***** Supplied entries *****

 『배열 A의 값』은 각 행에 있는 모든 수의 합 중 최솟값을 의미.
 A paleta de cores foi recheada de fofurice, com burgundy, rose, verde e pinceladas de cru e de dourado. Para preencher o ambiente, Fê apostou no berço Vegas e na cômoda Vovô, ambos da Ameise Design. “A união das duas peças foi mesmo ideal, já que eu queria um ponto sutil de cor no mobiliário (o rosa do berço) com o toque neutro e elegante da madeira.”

*****
***** Supplied entries *****

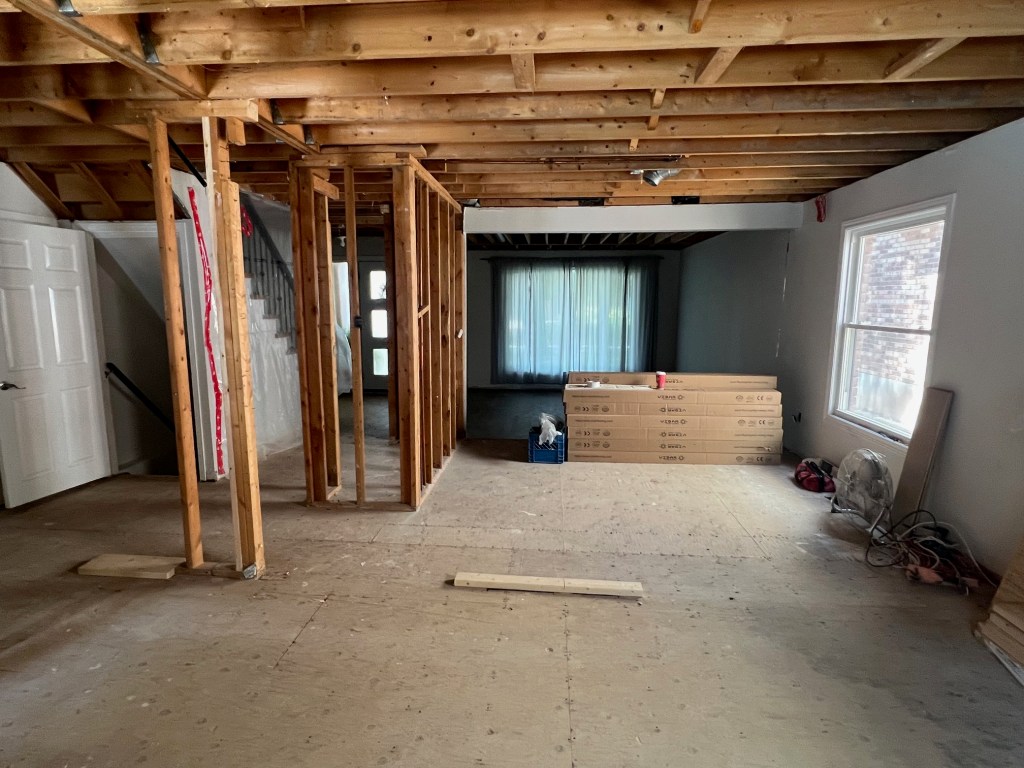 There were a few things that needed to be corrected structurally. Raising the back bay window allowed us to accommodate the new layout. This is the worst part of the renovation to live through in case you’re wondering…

*****
***** Supplied entries *****

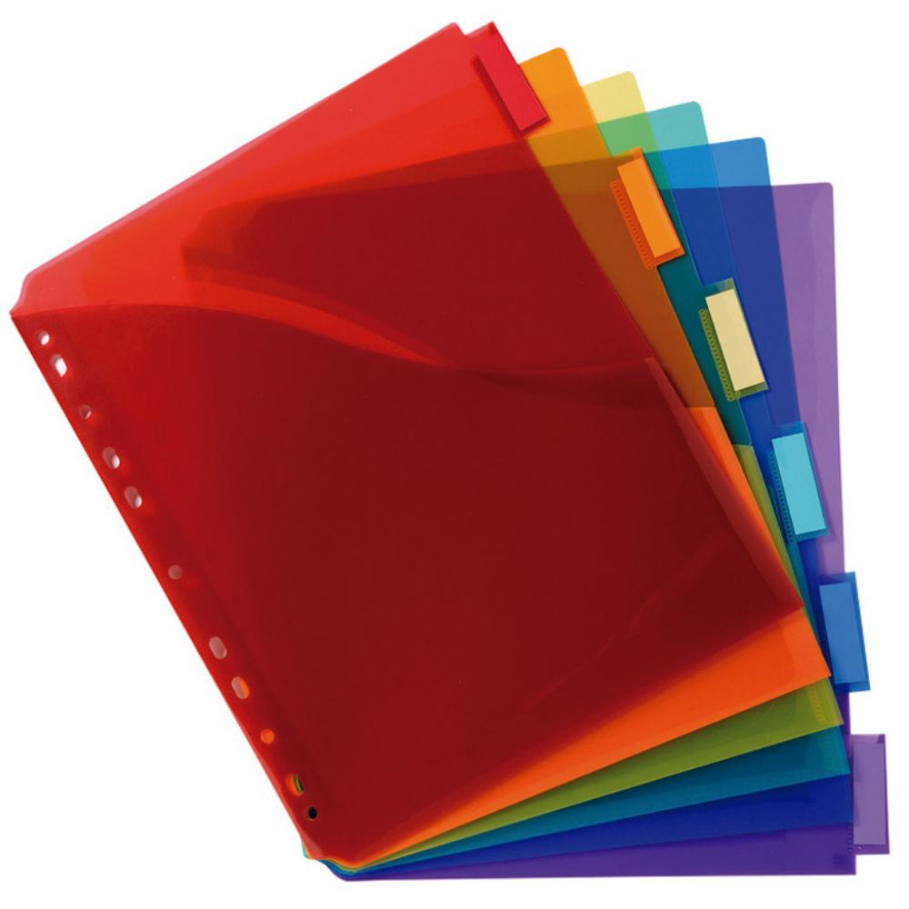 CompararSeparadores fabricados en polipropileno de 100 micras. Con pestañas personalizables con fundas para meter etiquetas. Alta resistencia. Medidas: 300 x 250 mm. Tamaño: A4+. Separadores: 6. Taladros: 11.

*****

Scan the lines above for "합 중 최솟값을 의미." and for "A paleta de". Repeat exactly the line holding each of them and every line in between.

**Task solution**
 『배열 A의 값』은 각 행에 있는 모든 수의 합 중 최솟값을 의미.
 A paleta de cores foi recheada de fofurice, com burgundy, rose, verde e pinceladas de cru e de dourado. Para preencher o ambiente, Fê apostou no berço Vegas e na cômoda Vovô, ambos da Ameise Design. “A união das duas peças foi mesmo ideal, já que eu queria um ponto sutil de cor no mobiliário (o rosa do berço) com o toque neutro e elegante da madeira.”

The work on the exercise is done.